• Task instructions: Up to and including the line with "Brandon Loebick sold", write out the listing from its first line, minus the pictures.

• Material provided:
════════════════════

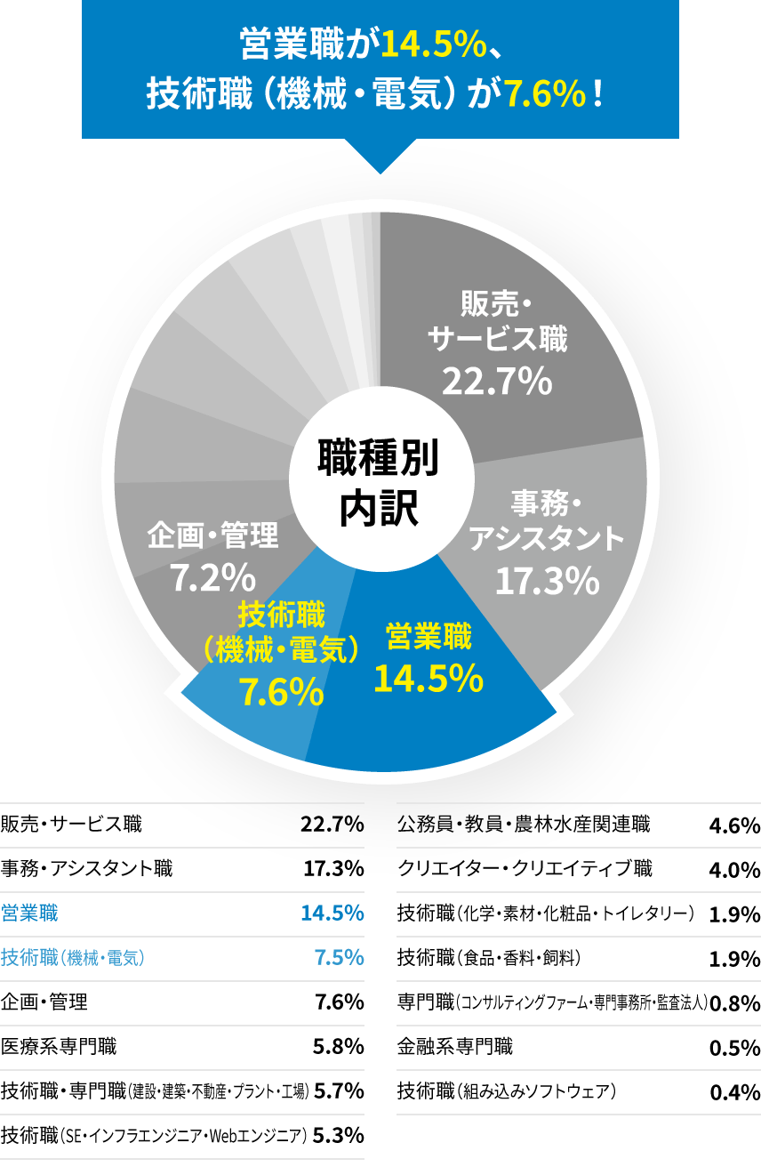 職種別では、採用ニーズの高い営業職やエンジニアの割合が多め。
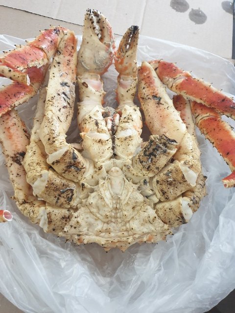 숙소에 도착해서 열어보니 다리도 하나 떨어지고 오래된듯한 킹크랩이 들어있었고
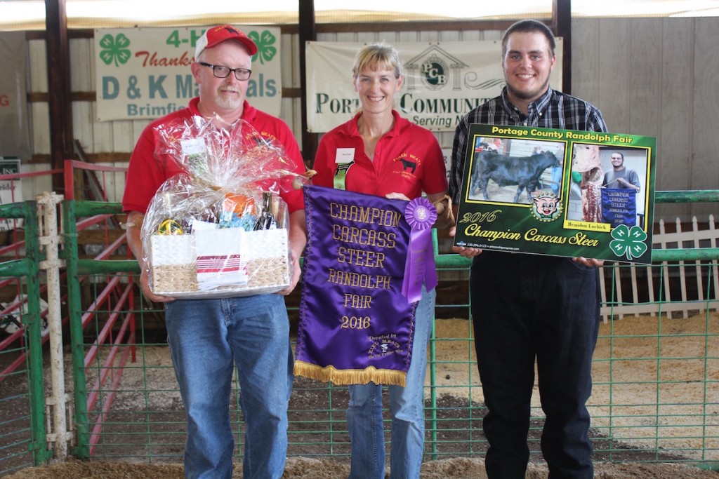 Brandon Loebick sold his 822-pound champion carcass steer for $6 a pound, to Polen Meats and Kiko Meats, represented by Brad and Nancy Polen.
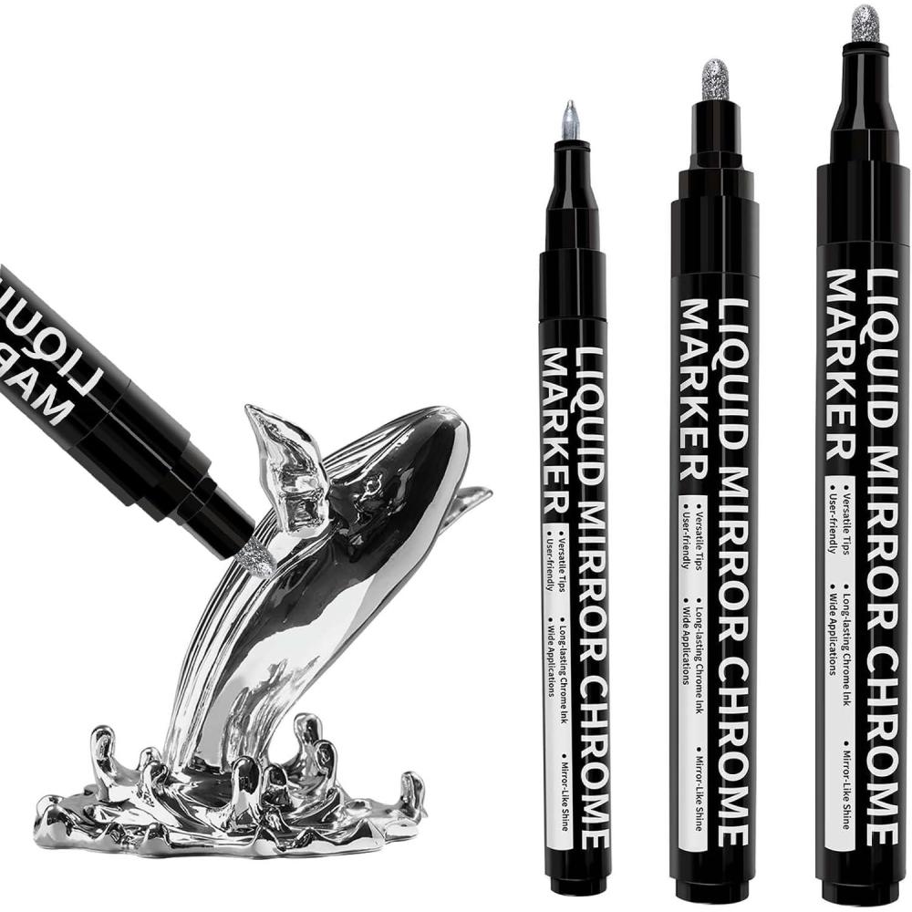 【Wide Application】HTVRONT silver metallic marker pen apply to smooth surfaces for a mirror-like effect, such as plastic, glass, stone, ceramic, paper, canvas, plastic material, or stone

════════════════════

• Finished exercise:
 職種別では、採用ニーズの高い営業職やエンジニアの割合が多め。
 숙소에 도착해서 열어보니 다리도 하나 떨어지고 오래된듯한 킹크랩이 들어있었고
 Brandon Loebick sold his 822-pound champion carcass steer for $6 a pound, to Polen Meats and Kiko Meats, represented by Brad and Nancy Polen.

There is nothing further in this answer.